84% of security and IT leaders feel their enterprise programs are mature, but a deeper dive reveals a major disconnect between perception and reality, Vulcan Cyber reveals.
“We already know most enterprise programs are immature – we see it every day in the field. What caught us off guard was that the vast majority of respondents felt otherwise,” said Yaniv Bar Dayan, CEO of Vulcan Cyber.
“Given the amount of breaches caused by known, unpatched vulnerabilities, that reveals a surprising disconnect that merits a closer look. So we mapped the survey data to our maturity model – the only way to raise the bar for vulnerability management is to show IT leaders how to transition their programs from managing vulnerabilities to remediating them.”
Key research findings
- The most mature element of enterprise vulnerability management programs are vulnerability scanning (72%), followed by the effective use of vulnerability remediation tools (49%) and vulnerability prioritization (44%).

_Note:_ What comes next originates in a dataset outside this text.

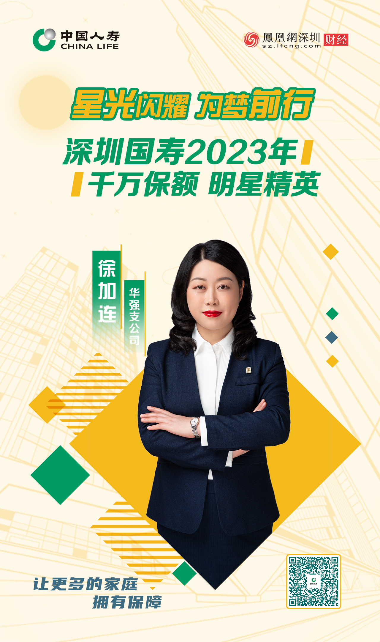 2009年3月入职至今,连续多年的百万精英。徐加连从业14年以来,累计服务5014位客户,送出5亿5800万保障。她始终以客户需求为先,凭借坚定与毅力为客户们提供庇护和安全感,通过用心的服务获得越来越多客户的认可。

- The three least-mature elements are orchestrated, collaborative remediation (48%), continuous, automated remediation (48%) and business alignment around cyber hygiene objectives (31%). This indicates that vulnerability management processes are siloed, ad-hoc, and inefficient, calling into question their ability to produce outcomes that actually remediate vulnerabilities and secure IT.
- 89% of security and IT teams say they spend at least some time collaborating with cross-functional teams to remediate vulnerabilities, with 42% reporting they spend “a lot” or “too much” (7%) time every week working with other teams. A notable 83% of companies that said they spend too much time collaborating with other teams have 500-1,000 employees.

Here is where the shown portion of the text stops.